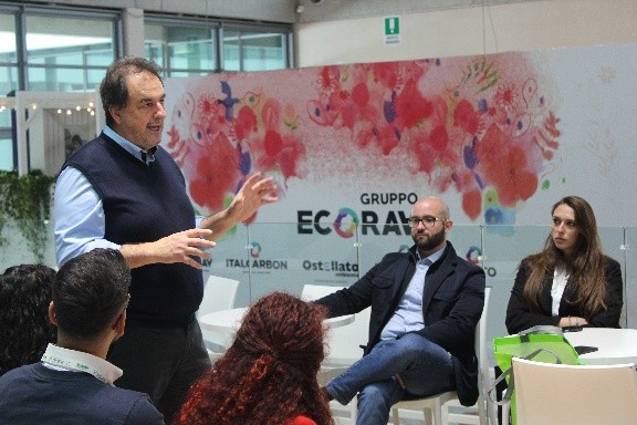 Le manifestazioni fieristiche come Ecomondo permettono di stringere nuove partnership e rapporti commerciali, fondamentali per lo sviluppo futuro delle aziende; informarsi sulle ultime novità del settore, compresi i principi normativi e le opportunità di crescita; condividere idee, progetti, tecnologie e buone pratiche. Per questo motivo la presenza di nostri ambassador è significativa e coinvolge diverse figure, da tutti i reparti aziendali.
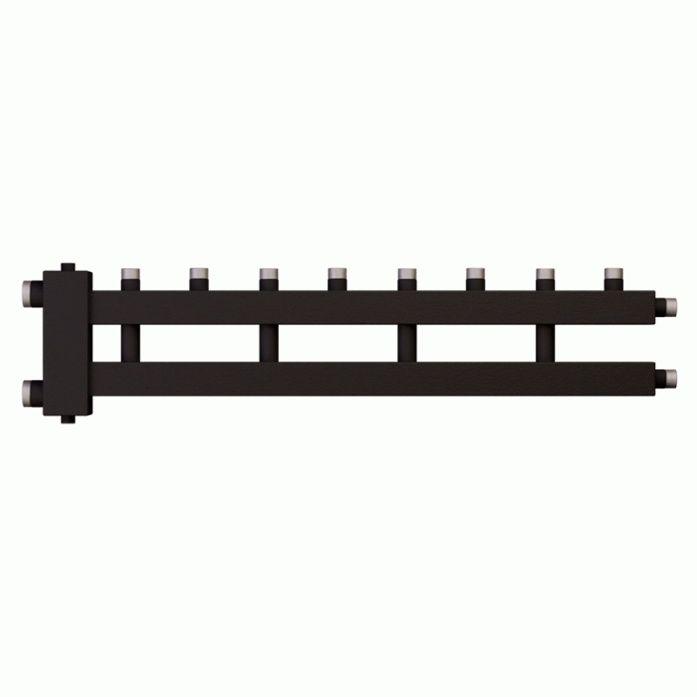 Распределительный коллектор для котла от производителя Warme состоит из двух камер подающей и обратной линий теплоносителя. Внешний вид распределительного коллектора состоит из части цельной нержавеющей профильной трубы со встроенной внутренней второй камерой, металл коллектора отшлифован, что придает эстетичный вид коллектору и не требует закрывать коллектор для котла в изоляцию или защитный кожух.
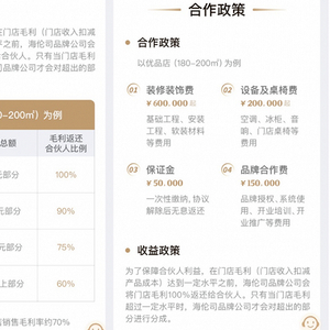 其中,以优品店为例,加盟合作费用包括600000元起的装修装饰费,200000元起的设备及桌椅费,50000元的保证金和150000元的品牌合作费。

§ Work to complete: An exact copy of the listing is required, excluding any pictures.

§ Finished task:
 Le manifestazioni fieristiche come Ecomondo permettono di stringere nuove partnership e rapporti commerciali, fondamentali per lo sviluppo futuro delle aziende; informarsi sulle ultime novità del settore, compresi i principi normativi e le opportunità di crescita; condividere idee, progetti, tecnologie e buone pratiche. Per questo motivo la presenza di nostri ambassador è significativa e coinvolge diverse figure, da tutti i reparti aziendali.
 Распределительный коллектор для котла от производителя Warme состоит из двух камер подающей и обратной линий теплоносителя. Внешний вид распределительного коллектора состоит из части цельной нержавеющей профильной трубы со встроенной внутренней второй камерой, металл коллектора отшлифован, что придает эстетичный вид коллектору и не требует закрывать коллектор для котла в изоляцию или защитный кожух.
 其中,以优品店为例,加盟合作费用包括600000元起的装修装饰费,200000元起的设备及桌椅费,50000元的保证金和150000元的品牌合作费。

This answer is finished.